Neurofilament light, specifically as seen in the blood, shows promise because if offers information about “damage happening in the brain. That’s all we [neurologists] want to know,” Kieseier said.
If rising NfL levels are evident — suggesting greater inflammation and tissue damage — they can then request an MRI scan. And, if highly active disease is confirmed, they’ll look to start treating a person with a more aggressive therapy, he added.
He also thinks a good assay, and possibly wide use of NfL as a biomarker — and possibly a blood biomarker — may be only two years away, “but that’s a positive assumption.”
But it’s also a guess based on the wide-ranging of sNfL levels in the blood, point to nerve injury in those football players that Wolinsky mentioned — or any sort of head trauma — as well as in MS patients and people with Alzheimer’s or another neurodegenerative diseases marked by damage to neurons.

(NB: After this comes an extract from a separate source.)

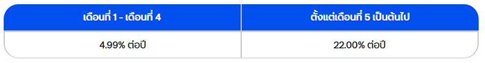 - หลังจากสิทธิ์อัตราดอกเบี้ยพิเศษครบตามระยะเวลาที่กำหนด อัตราดอกเบี้ยในรอบบัญชีถัดจากเดือนที่ครบกำหนด จะถูกปรับเป็นอัตราดอกเบี้ยปกติตามประกาศธนาคาร ณ ปัจจุบัน อยู่ที่ 25% ต่อปี โดยคำนวนตามจำนวนเงินที่เบิกใช้ หรือจำนวนเงินคงค้างในแต่ละรอบบัญชี

“If you would have a marker that would tell you that this patient not under perfect control, this would be a game-changer,” Kieseier said. “In a perfect world, we’d say to patient, ‘go get a scan every three months.'” But the world isn’t perfect, particularly in poorer than richer countries, and decisions made on inadequate knowledge do affect treatment.
“Excitement is huge, and everyone wants” sNfL to work as a quick, easy and accurate biomarker, Kieseier said. “This is where we have to go.”